**Exercise prompt**
Among the entries below, copy only the span from the line containing "A first-person perspective" through the line containing "Berikut 10 Kabupaten". Do so exactly, and skip the pictures.

Excerpts from a dataset:
+ + +

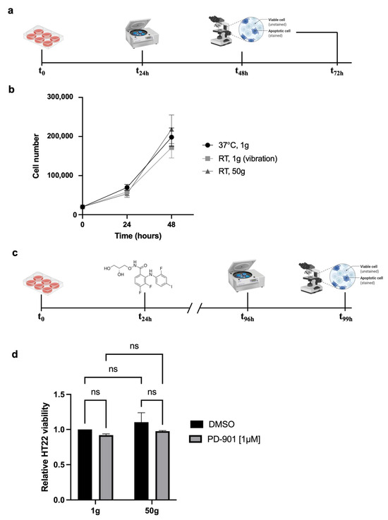 Mouse Hippocampal Neuronal Cells HT22 endure exposure to HG and ERK inhibitor PD-901 both alone and combined. (a) 20,000 cells per group were seeded at T0; the next day, cells were exposed to a gravitational acceleration of 50× g for three hours, at RT. Imaging and viability assays were performed 24 and 48 h later. (b) Viability assays of the three groups of samples: one centrifuged at 50× g (triangles), and two reference groups: one left in the cell incubator (circles), one kept at RT on the centrifuge lid (squares) to sense the vibrations of the operating instrument. Data represent mean ± SEM. Statistical test: Two-way ANOVA, n = 3. (c) Experimental design as in A with the adjunctive step of drug administration, 1μM PD-0325901 (PD-901). (d) Viability assay of HT22 cells exposed to 50× g with 1μM PD-901 (gray) or without (Dimethyl sulfoxide, DMSO, as the vehicle, black). Data represent mean ± SEM. Statistical test: Two-way ANOVA, n = 3, ns = not significant, p > 0.05. Note: ‘n = 3’ is an indication of the number of biological replicas (i.e. number of experiments), each one having its own three technical replicas.
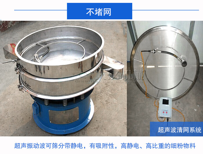 超声波振动筛是在普通旋振筛的基础上举行改良,使用了超声振动波,能够筛分旋振筛不能筛分的细粉物料比如带静电,有吸附性,高静电、高比重的物料,减少乳糖因粘性导致的堵网现象。
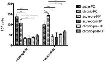 肺部浸润细胞急性和慢性期的差异和FIP-fve效应:急性和慢性哮喘阶段的标志是炎性细胞(如嗜酸性粒细胞和中性粒细胞)渗透到肺中。BALF用于评估肺的细胞浸润,并计数嗜酸性粒细胞和中性粒细胞。结果显示,在急性和慢性期OVA致敏小鼠的肺部浸润性炎症细胞显著增加。急性期嗜酸性粒细胞明显高于其他期。慢性期中性粒细胞明显高于其他阶段。FIP-fve治疗组肺浸润细胞明显减少,不仅嗜酸性粒细胞减少,而且急性期和慢性期的中性粒细胞也明显减少。
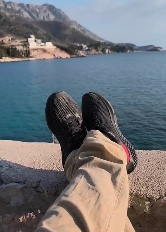 A first-person perspective shot shows a person sitting with their legs crossed at the ankles, resting on a stone wall. The person is wearing khaki-colored pants and black sneakers with red accents on the heels. The background features a scenic view of a blue ocean, with mountains and buildings visible on the opposite shore. The sky is blue with scattered clouds.
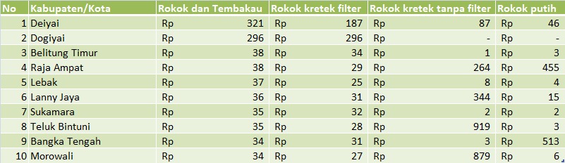 Berikut 10 Kabupaten dengan pengeluaran per kapita per minggu untuk rokok terbesar di Indonesia menurut catatan BPS tahun 2022;
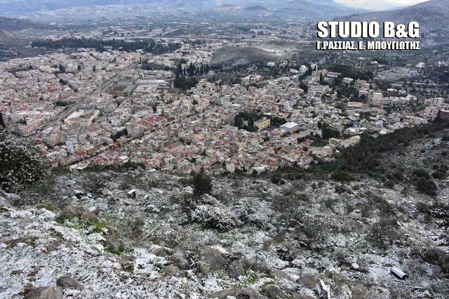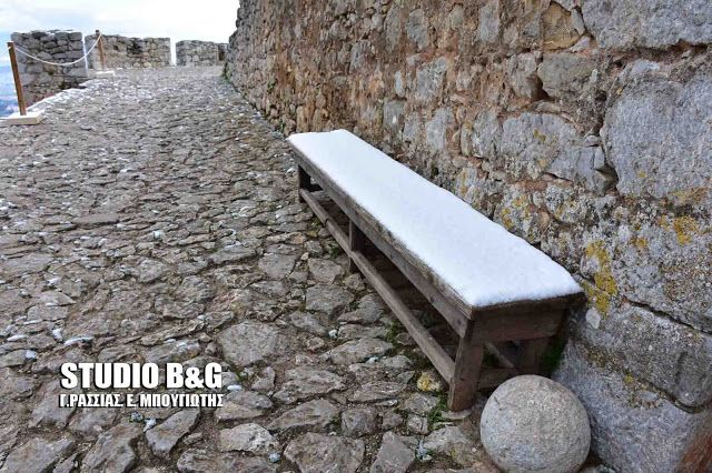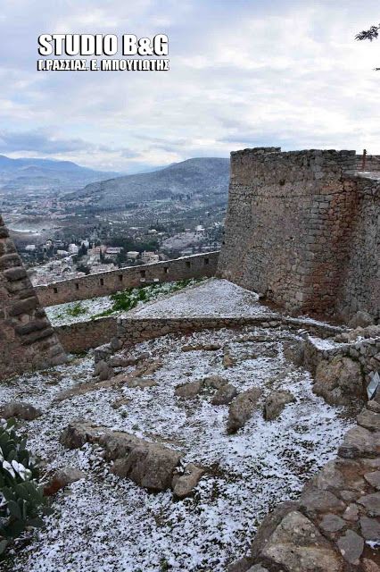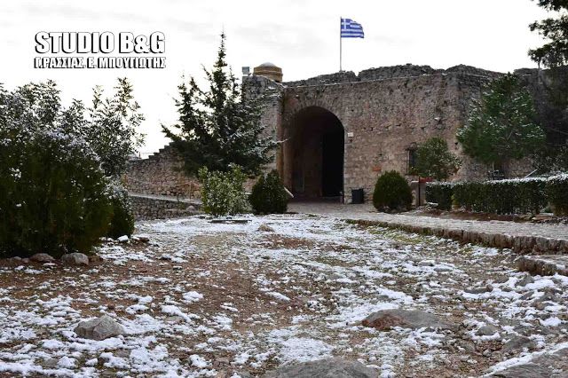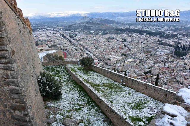 Η βορειοανατολική πλευρά του κάστρου έχει δεχθεί το περισσότερο χιόνι, ενώ και ο δρόμος που οδηγεί στο μεσαιωνικό κάστρο του Ναυπλίου είναι ντυμένος στα λευκά.
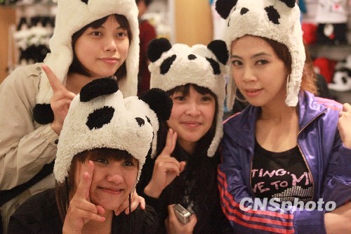 来到台北木栅动物园熊猫馆参观的4位年轻台湾女孩在熊猫纪念品店选购纪念品,并一起戴上熊猫帽子合影留念。随着“团团”“圆圆”成为木栅动物园里的动物明星,大熊猫在台受热捧,引来参观客络绎不绝。(图为资料图) 中新社发 罗钦文 摄
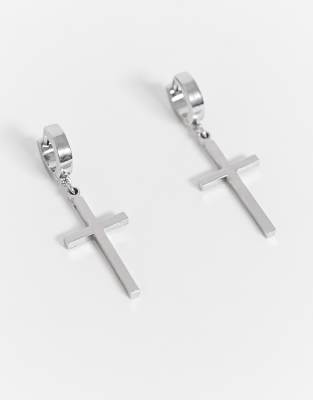 ASOS DESIGN - sølvfarvede 7mm hoop-øreringe med kors-vedhæng
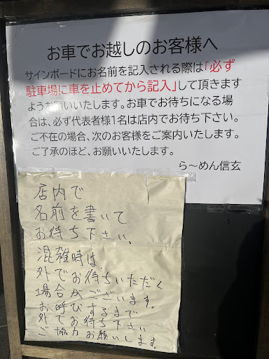 Read more1時間待ち。新店舗は店舗の自動ドアを通るとすぐ右手にEーPARK順番受付・発券機がある。これは注文する機械ではない。注文は、店内の長椅子で待ってる間に店員さんがメニューを持ってくる。そこで伝える。 開店前に並ぶとなると、11:00までは電話かLINEで呼び出し発券機を使わず、普通に外で立って並ぶことになる。11:00後に最初の自動ドアを通る人は発券機で手続きして、あとは電話かLINEでとなる。 リニューアル後に行くのは初めてだったが、前の店舗より清潔感と広さがあって良い。 行ったのは5/11日曜日。10:40。開店20分前。小雨。駐車場アスファルトの所の車は埋まり、舗装されてない所は十分に空いていた。時間に余裕を持って並んでいる人が多いようだ。 カウンターは14席。 小上がりは6人ブース×3つ テーブル(イス席)は6人ブース×2つ。 相席は無いので、6人席でも2人で座る事が可能だ。 10:40時点で待ち人数35人程度。 10:50での待ち人数は10:40時点+9人。 10:55での待ち人数は10:50時点+6人。 11:00での待ち人数は10:55時点+5人。 なので、11:00開店時点では55人程度が待っていたことになる。駐車場は11:00時点で未舗装部分も含めてあと数台しか停めれない状況だった。で、開店して35番目程度の私は、あと10人くらいの所で座れなかった。 11:00過ぎてたのでEーPARK順番受付・発券機を操作。 年配の人がタッチパネル眼鏡かけないと小さい文字で辛いと話していた。タッチパネル心配な方は店員さんにお願いすれば、やってくれるだろう。 店内にも15人程座って待てる長椅子がある。 11:27店内で待って27分。1番目と2番目に待ってた組のお客さんが呼ばれた。最初に店舗に入れた人の誰がが食べ終わったのだろう。 店舗で長椅子ではなくいきなり着席できるかどうかが待ち時間のカギかもしれない。 私は5番目の組で、席に付けたのは11:33だった。着席まで待ったのは53分。それから着丼までは5分。待ち時間計58分。10:40に並び始めたので、時間さえ許せば昼ご飯時にちょうど良いか。車で待つにしろ、店内で待つにしろ、暇つぶしの道具は必要だと感じた。
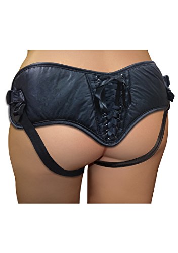 Black soft PVC vegan leather Lace-up corset-style back 4-way adjustable straps fits size 12 to 30 Accommodates dildos with a flared base (Dildo not included) Includes interchangeable metal O-rings: 1.5″ (3.8cm), 2″ (5cm) Includes channel for bullet vibrator (Sold separately) Individually sewn hooks on Corsette back Handcrafted in the USA Clean with damp, soft cloth
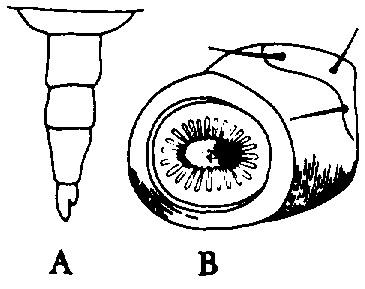 - Les pattes ventrales sont bien développées et du type coronate (fig. 96 B). Elles sont constituées d'un socle charnu non segmenté à contour circulaire et surmonté d'une couronne de crochets, souvent de longueur inégale. Petites chenilles unicolores, le plus souvent légèrement teintées (blanchâtres' jaunâtres ou rougeâtres)
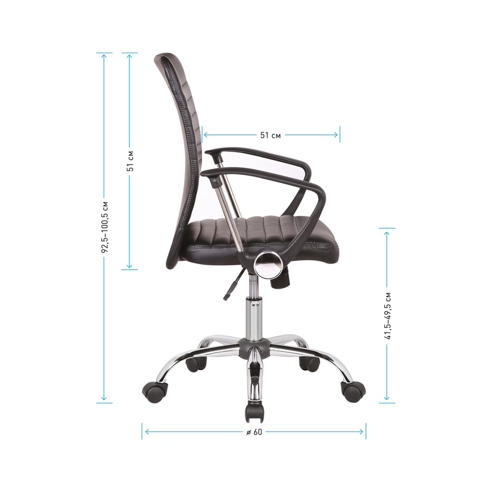Кресло оператора Helmi HL-M09 LUX, искусственная кожа черная, механизм качания, хром 306215
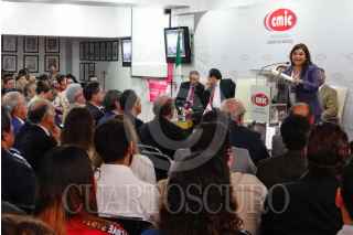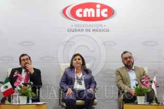 CIUDAD DE MÉXICO, 26MARZO2024.- Clara Brugada, candidata a la Jefatura de Gobierno por la coalición Sigamos Haciendo Historia, encabezó una reunión con autoridades de la Cámara Mexicana de la Industria de la Construcción, junto a Luis Méndez Jaled, director general de cmic, en donde habló de diversas propuestas para el sector de la construcción. FOTOS: ROGELIO MORALES /CUARTOSCURO.COM
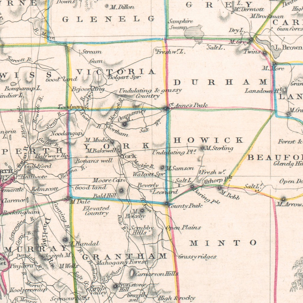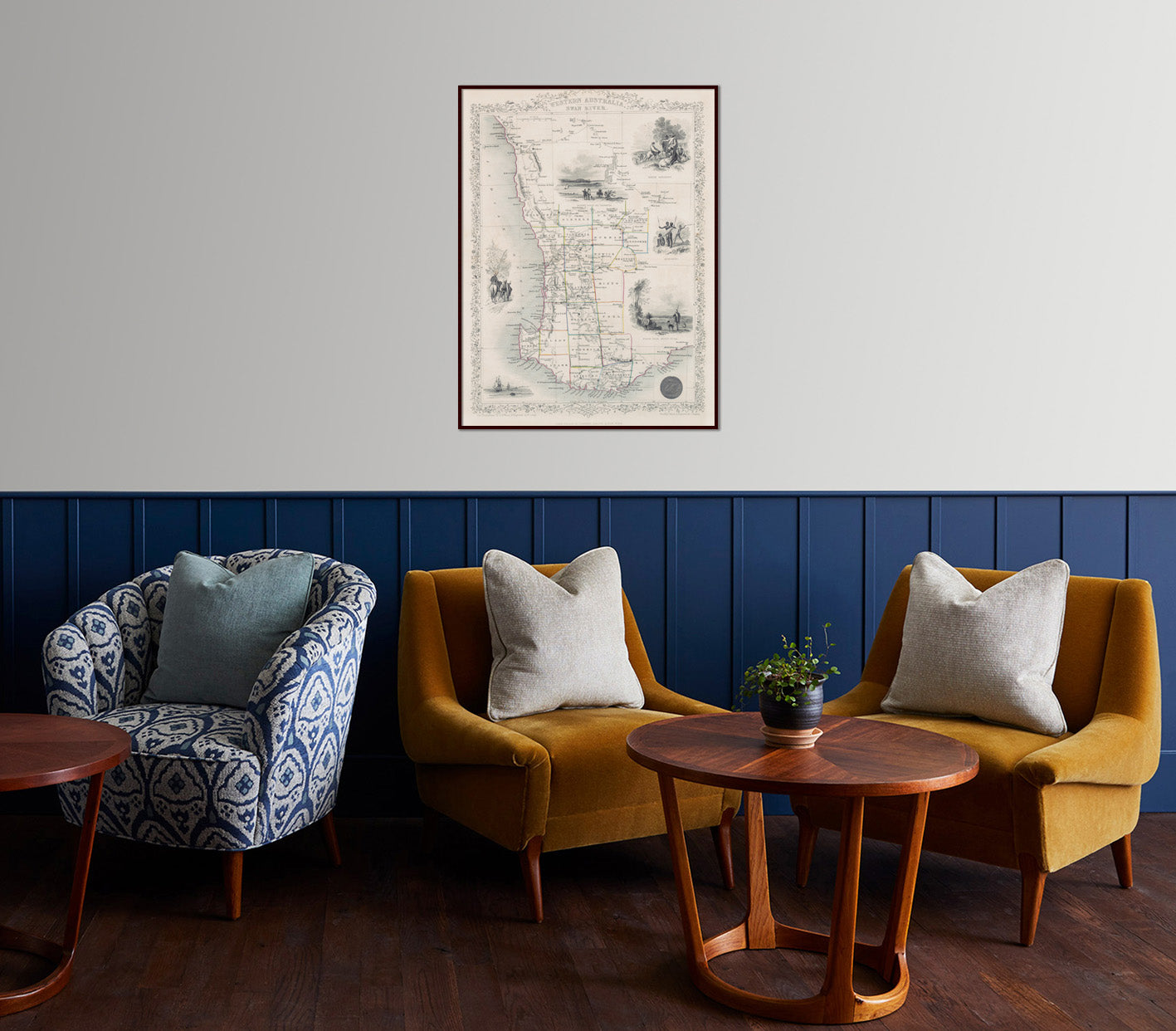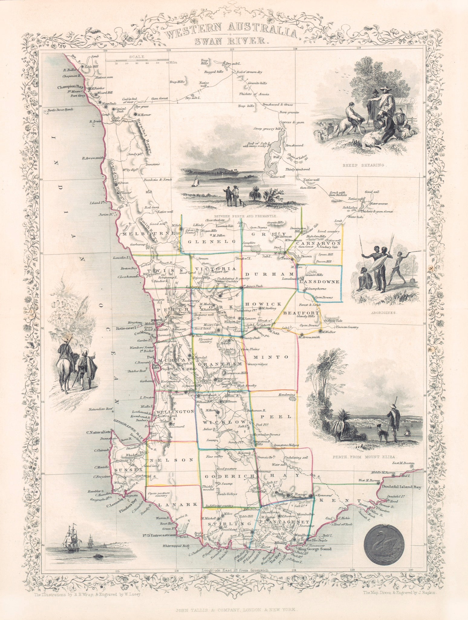 A fine decorative map of southwestern Western Australia from the popular Tallis': The Illustrated Atlas, And Modern History Of The World Geographical, Political, Commercial & Statistical, 1851; showing counties, roads and topography. Tallis maps are renowned for their illustrative vignettes, historical detail and ornate decorative borders.
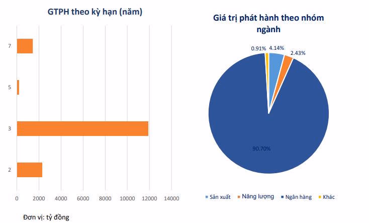 Phần lớn doanh nghiệp phát hành đến từ các ngân hàng thương mại với 14.940 tỉ đồng, chiếm 90,7% tổng giá trị phát hành. Trong nhóm này, ngân hàng TMCP Quân đội (MBBank) phát hành nhiều nhất với 4.600 tỉ đồng trái phiếu kỳ hạn ba năm và ngân hàng TMCP Sài Gòn Thương Tín (Sacombank) đứng sau ở mức 2.500 tỉ đồng, trái phiếu cũng đều có kỳ hạn ba năm.
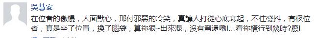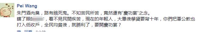 詩人渡也則發(fā)文稱,公敎人員大多是溫良恭儉讓者,而蔡英文、賴神絕對不是!兩個(gè)違規(guī)搶人民財(cái)產(chǎn)者卻大言不慚地表示“我們沒慶祝,很客氣了,不然要怎樣”,難道他們兩位希望退休軍公敎人員向他們致謝道歉嗎?直言這是“得了便宜還賣乖!什么叫欺人太甚?這就是了”。
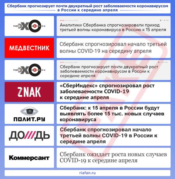 Либеральные СМИ вот уже год с небольшим никак не могут отказаться от такой удобной для грязных инсинуаций темы как борьба с коронавирусом в РФ. Русофобов бесят успехи России в борьбе с пандемией и количество фейков растёт в геометрической прогрессии от числа побед на поле стабилизации ситуации с COVID-19. На этой недели одним из самых матёрых и тупых фейков стал вброс «Эха Москвы» о том, что Сбербанк якобы прогнозирует рост числа заболевших как минимум вдвое уже к середине апрели. Радостную для всех врагов РФ новость мигом разнесли все либеральные издания вроде «Дождя», того же «МБХ» и «Знака» с «Коммерсантом». Не успокоило русофобскую вакханалию и официальное опровержение Сбербанка. Фейк-то уже выдан и отрабатывают его несмотря на абсурдность самой новости.

+ + +

**Answer to the problem**
 A first-person perspective shot shows a person sitting with their legs crossed at the ankles, resting on a stone wall. The person is wearing khaki-colored pants and black sneakers with red accents on the heels. The background features a scenic view of a blue ocean, with mountains and buildings visible on the opposite shore. The sky is blue with scattered clouds.
 Berikut 10 Kabupaten dengan pengeluaran per kapita per minggu untuk rokok terbesar di Indonesia menurut catatan BPS tahun 2022;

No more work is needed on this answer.